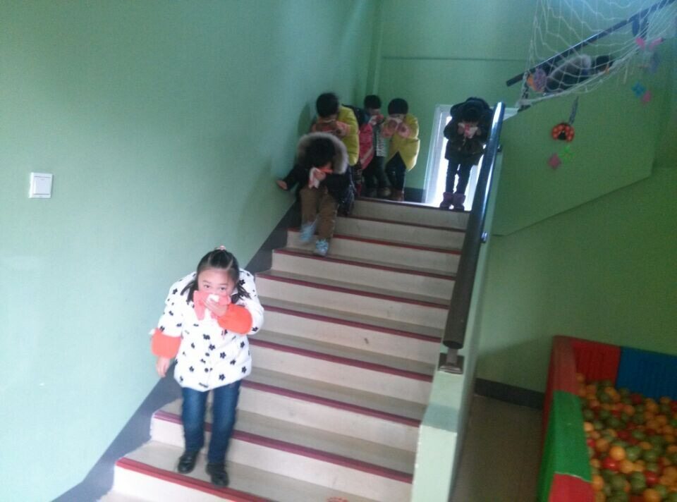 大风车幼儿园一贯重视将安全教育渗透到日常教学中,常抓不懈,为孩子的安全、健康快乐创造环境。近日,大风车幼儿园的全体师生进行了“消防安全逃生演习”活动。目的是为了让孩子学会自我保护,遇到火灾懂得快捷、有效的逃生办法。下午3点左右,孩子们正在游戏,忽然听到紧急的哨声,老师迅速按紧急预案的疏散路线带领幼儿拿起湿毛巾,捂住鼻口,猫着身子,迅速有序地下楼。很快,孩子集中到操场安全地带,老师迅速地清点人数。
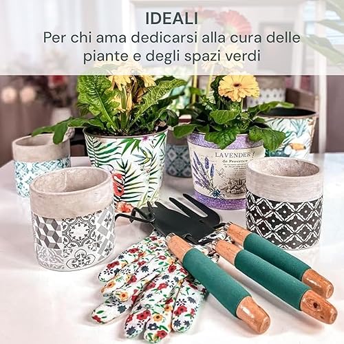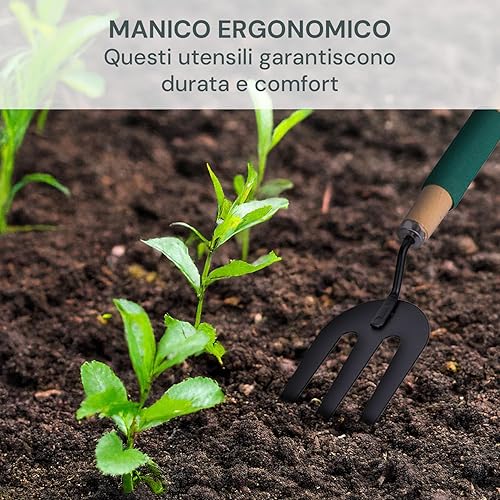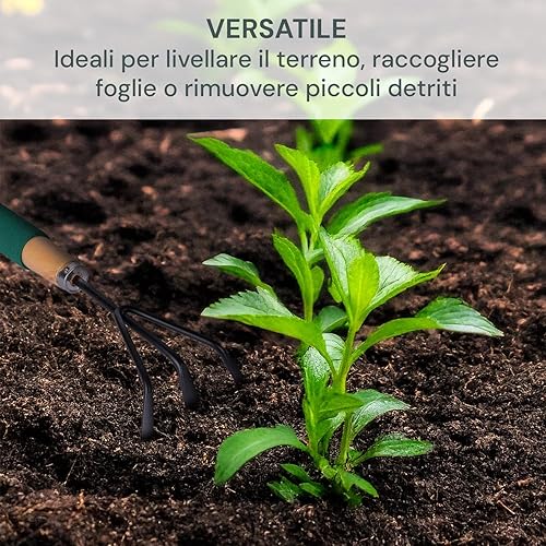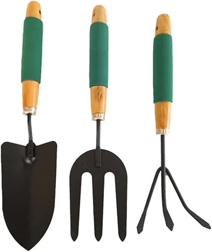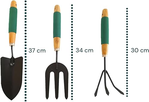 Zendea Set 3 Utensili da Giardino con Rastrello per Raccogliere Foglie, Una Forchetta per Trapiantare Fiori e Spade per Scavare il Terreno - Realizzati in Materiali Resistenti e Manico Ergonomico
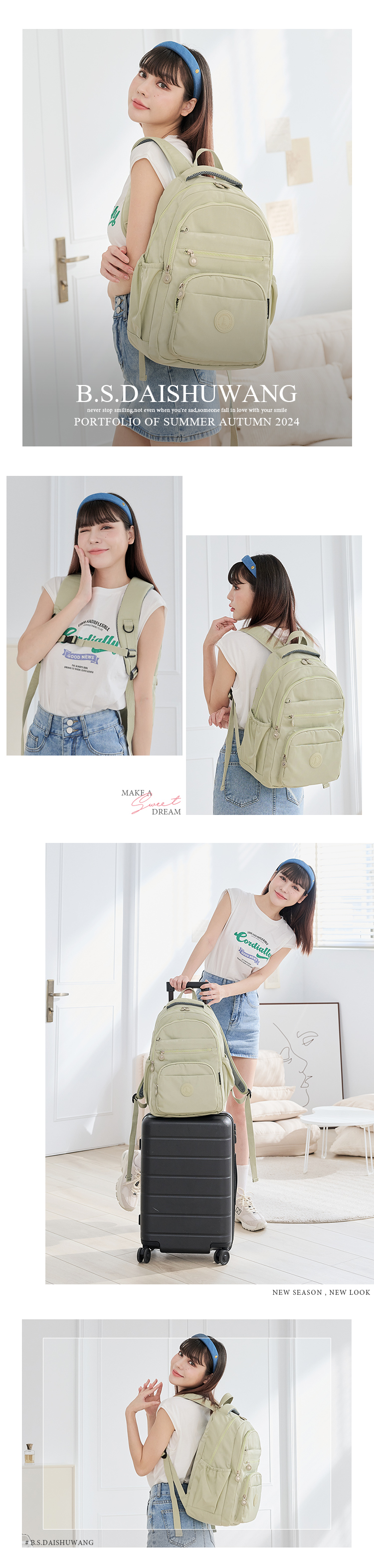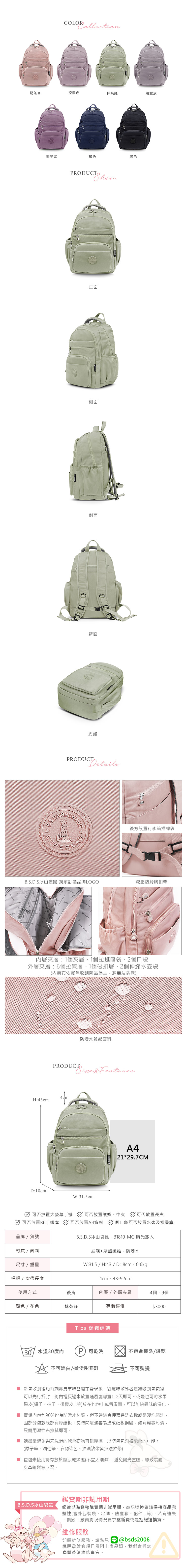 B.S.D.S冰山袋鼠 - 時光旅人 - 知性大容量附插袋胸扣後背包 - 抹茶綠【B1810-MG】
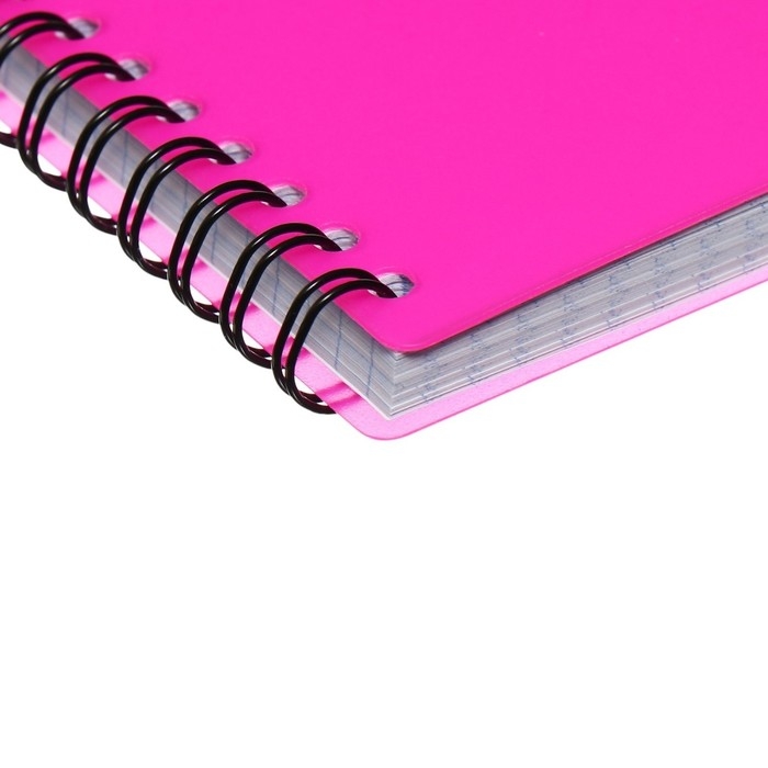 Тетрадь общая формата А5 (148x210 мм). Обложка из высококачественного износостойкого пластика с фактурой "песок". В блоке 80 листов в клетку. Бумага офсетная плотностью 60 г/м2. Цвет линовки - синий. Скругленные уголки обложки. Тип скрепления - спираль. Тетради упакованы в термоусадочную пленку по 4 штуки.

• • • •

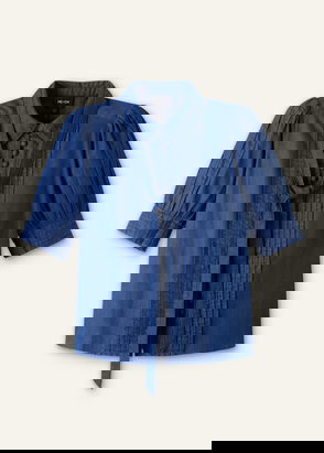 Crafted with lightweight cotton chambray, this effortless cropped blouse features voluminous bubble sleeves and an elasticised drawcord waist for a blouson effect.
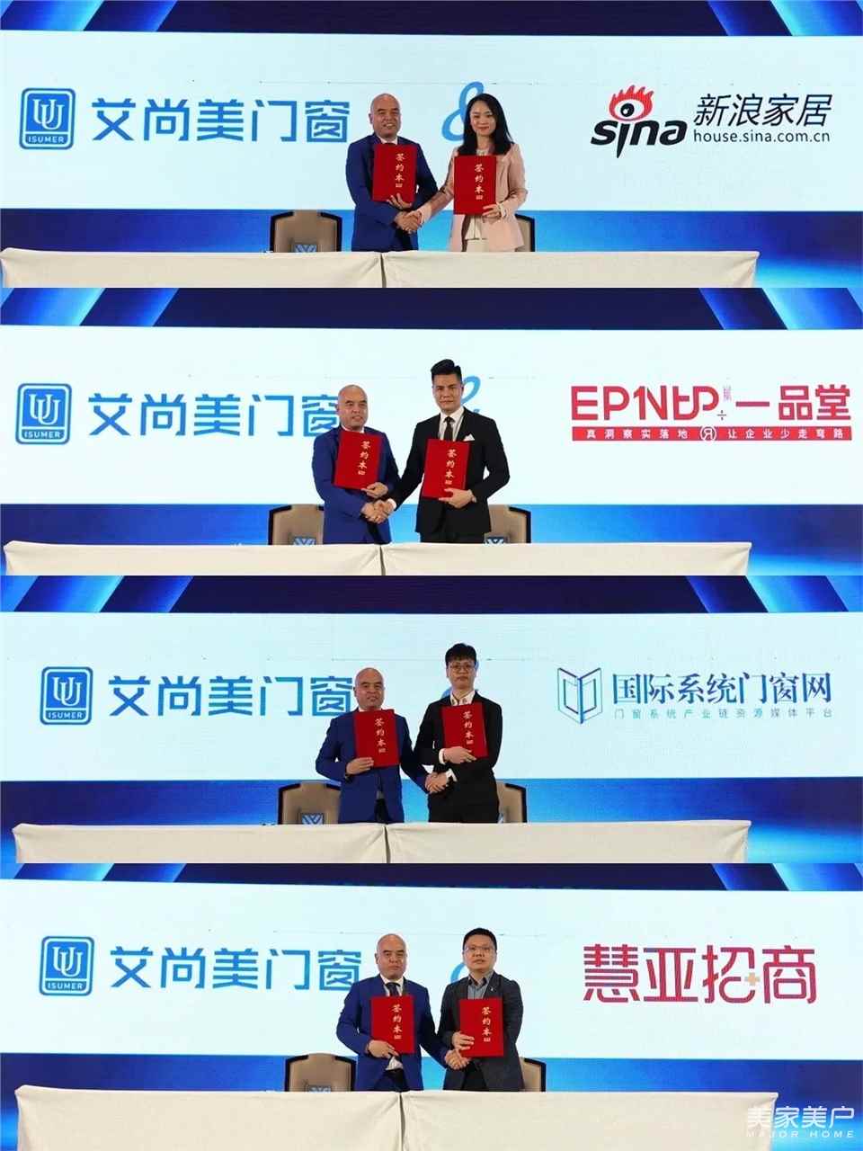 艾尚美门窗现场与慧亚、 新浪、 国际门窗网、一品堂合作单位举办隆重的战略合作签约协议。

• • • •

§ WHAT THE TASK ASKS
In the records above, find the line containing "B.S.D.S冰山袋鼠 - 時光旅人" and the line containing "Тетрадь общая формата", then give both of them again word for word along with every line between. Omit any pictures.

§ RESULT OF THE TASK
 B.S.D.S冰山袋鼠 - 時光旅人 - 知性大容量附插袋胸扣後背包 - 抹茶綠【B1810-MG】
 Тетрадь общая формата А5 (148x210 мм). Обложка из высококачественного износостойкого пластика с фактурой "песок". В блоке 80 листов в клетку. Бумага офсетная плотностью 60 г/м2. Цвет линовки - синий. Скругленные уголки обложки. Тип скрепления - спираль. Тетради упакованы в термоусадочную пленку по 4 штуки.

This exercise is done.